Solved: Why is indexed extraction not happening when the d...

koshyk · ‎04-25-2019

Hi,

We have a quite a "piggy backed" data coming from a system and extracting as

[mysourcetype]
SHOULD_LINEMERGE=false
INDEXED_EXTRACTIONS=CSV
FIELD_NAMES=Date,Time,EmployeeID,EmployeeName
TIMESTAMP_FIELDS=Date,Time

(A) System Data collected using UF => (B) Sent to Heavy Forwarder => (C) HF to Indexer => (D) Clustered SH

We have the

inputs.conf in (A)
props.conf with INDEXED_EXTRACTIONS=CSV in (B) , (C) & (D)

Directly indexing the file works perfectly in standalone Splunk Instance.
But when the data comes via the UF, the indexed extraction is not happening.
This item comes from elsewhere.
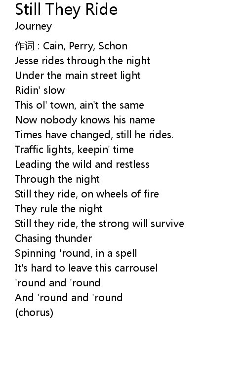 | Still they ride, on wheels of fire | |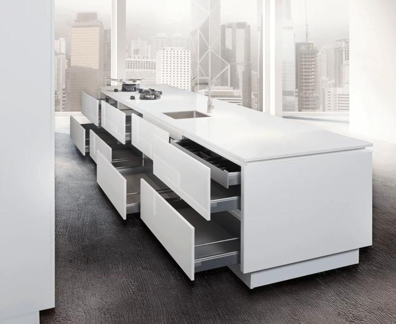 Brede ladekasten met binnenlade bieden extra opbergruimte zonder in te leveren op overzicht. De verborgen binnenlade is ideaal voor bestek of keukentools, terwijl de diepe lade daaronder ruimte biedt voor grotere spullen. Slim, strak en bijzonder functioneel.

Any reasons for this? Should we add props.conf to UF?

marthodder · ‎04-25-2019

You're correct - You will need to add INDEXED_EXTRACTIONS=CSV in a props.conf for local deployment to each of the hosts.

[sourcetype] 
INDEXED_EXTRACTIONS=CSV

View solution in original post

marthodder · ‎04-25-2019

You're correct - You will need to add INDEXED_EXTRACTIONS=CSV in a props.conf for local deployment to each of the hosts.

[sourcetype] 
INDEXED_EXTRACTIONS=CSV

koshyk · ‎04-25-2019

thanks for the tip.
UF also requires the props.conf

Why is indexed extraction not happening when the data comes via the UF?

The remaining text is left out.